Томин стучит в дверь:
- Кажется, сюда.
Слышен голос Кибрит: "Входите".
Они входят в криминалистическую лабораторию.
- Ты слишком долго ехал, милый. Я уже начала ревновать. - Кибрит окидывает Рудневу "женским" взглядом. - Здравствуйте. Меня зовут Зина.
Руднева энергично пожимает протянутую руку.
- Альбина.
Томин осматривается: батюшки, сколько тут всяких мудреных приборов! - написано на его лице.
- Значит, здесь ты и работаешь? - восхищается он.
- Присаживайтесь, Альбина. Что стряслось?
- Понимаете, приобрела портсигар Фаберже. Клеймо есть, вроде все на месте… - Она показывает Кибрит портсигар. - Но напало сомнение: вдруг что не так? Саша сказал, вы можете проверить.
- Давайте подумаем… Время обработки металла выяснить несложно. Попрошу девочек - проведут спектральный анализ. Я только возьму соскоб.
- А вещь не попортится?
- Нет, нам требуются буквально пылинки. Но как быть с проверкой клейма? Его ведь надо сравнить с подлинным.
- Зинуля, Фаберже есть в музеях.
- В Эрмитаже, в Историческом и Оружейной палате, - бойко цитирует Руднева.
- Тогда не проблема. Делаем фотографию клейма с вашего портсигара и сличаем с оттисками на музейных вещах.
- Академик! - восклицает Томин. - Лобзаю тебя!
Кибрит едва сдерживает смех.
- Шурик, перестань!
- Альбиночка не осудит.
- Чего там, дело житейское, - снисходительно улыбается Руднева.
- Если опасаетесь за него, - говорит Кибрит Рудневой о портсигаре, - пойдемте, будете присутствовать.
- Н-нет… уж понадеюсь на вас.
Кибрит уходит в смежное помещение.
- Сделает? - спрашивает Руднева, не спуская глаз с затворившейся за Кибрит двери; хоть и решила понадеяться, а сердце не на месте.
- Как в аптеке! - заверяет Томин. - Она каждый год отдыхает у нас на юге, в меня - по уши.
- Ну, если фальшивый, я ему устрою! Вселенная у него, видите ли, расширяется! Так сужу - с овчинку покажется!
- Добрый вечер, Зинаида, - входит Томин в лабораторию. - Вероятно, я вчера выглядел несколько?..
- Искупается результатом, - улыбается Кибрит.
- Да? Чем порадуешь?
- Ну, во-первых, серебро: переплавляли его от силы месяц назад.

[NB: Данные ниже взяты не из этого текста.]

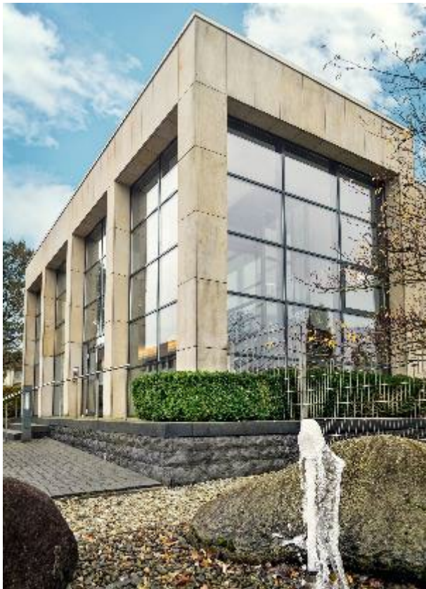
Bild 7: Weiterbildung von Marktpartnern im FORUM, dem Schulungszentrum in Steinhagen

Kompetenz unserer Belegschaft und auf die traditionell engen Beziehungen zu unseren Kunden. Mit einem flächendeckenden Außen- und Kundendienst bieten wir umfassende Beratung und Unterstützung direkt vor Ort. Unsere zahlreichen Seminare und Veranstaltungen dienen dem regen Austausch und der umfassenden Information. Diese ganzheitliche Präsenz bestätigt Jung Pumpen als Premiummarke und soll uns weiterhin zukunftsweisende Impulse geben.“

- Красиво! "Мадам стройматериалы" получила портсигарчик с пылу с жару!
- Что она предпримет, когда узнает?
- Подождем сообщать, всех распугает… Ну, Зинаида, ты мне сдала очень крупный козырь!

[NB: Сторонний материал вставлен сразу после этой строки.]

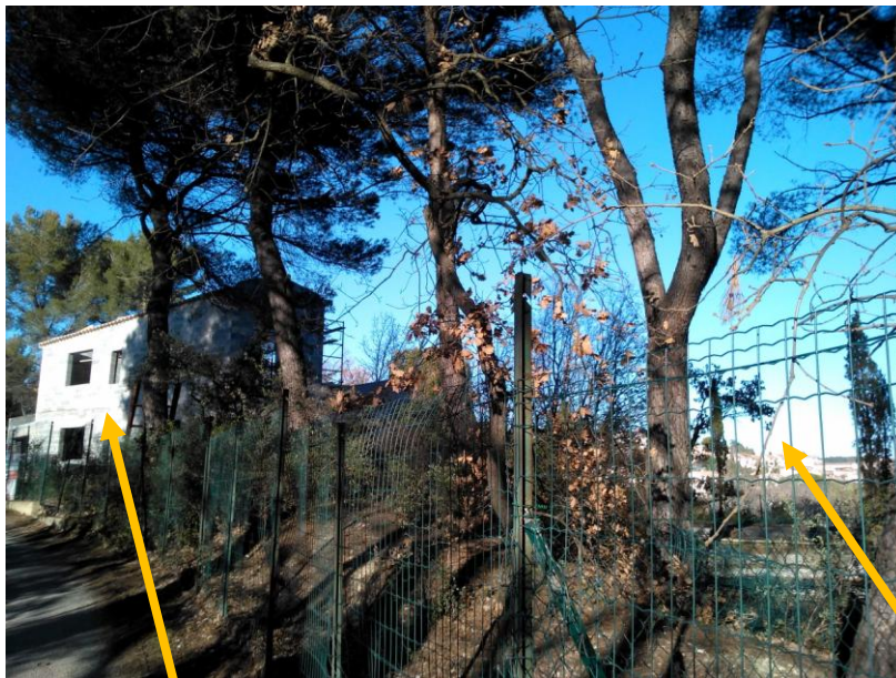
Nouvelle maison sur la crête

- А про клеймо не желаешь послушать?
- Напиши заключение для следователя. Мне ситуация ясна.
- Не так все просто, как воображаешь. На портсигаре сегодняшнего изготовления стоит подлинное клеймо фирмы. Одно из старых московских.
Томин присвистывает:
- Ни малейших сомнений?
- Ну посуди, можно имитировать изгиб шерстинки, попавшей в заливку клейма? Или расположение крошечных воздушных пузырьков в букве "Ф"?
- Нда… Прелюбопытное разматывается дело!
А у полковника Скопина ход расследования вызывает сомнение.

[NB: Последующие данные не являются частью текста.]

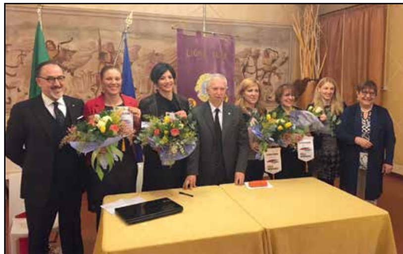
Il Presidente e l'addetto stampa con le rappresentanti dell'Istituto Comprensivo Renato Ferrari.

- Вы не забыли, что ведете дело о краже картин? - замечает он, слушая доклад Зыкова. - Я слышу только о Фаберже.
- Надеюсь кружным путем прийти все-таки куда нужно. Если по дороге обнаруживаешь еще одно преступление, трудно закрыть глаза, товарищ полковник.
- Закрывать не надо, но держите в уме и главную цель.
- Уперся я в Цветкова и застрял. Хотя уверен, что он замешан, тем более что имел неприятности по линии фарцовки.
- Давно?
- Давно. Но контакты с иностранцами могли остаться.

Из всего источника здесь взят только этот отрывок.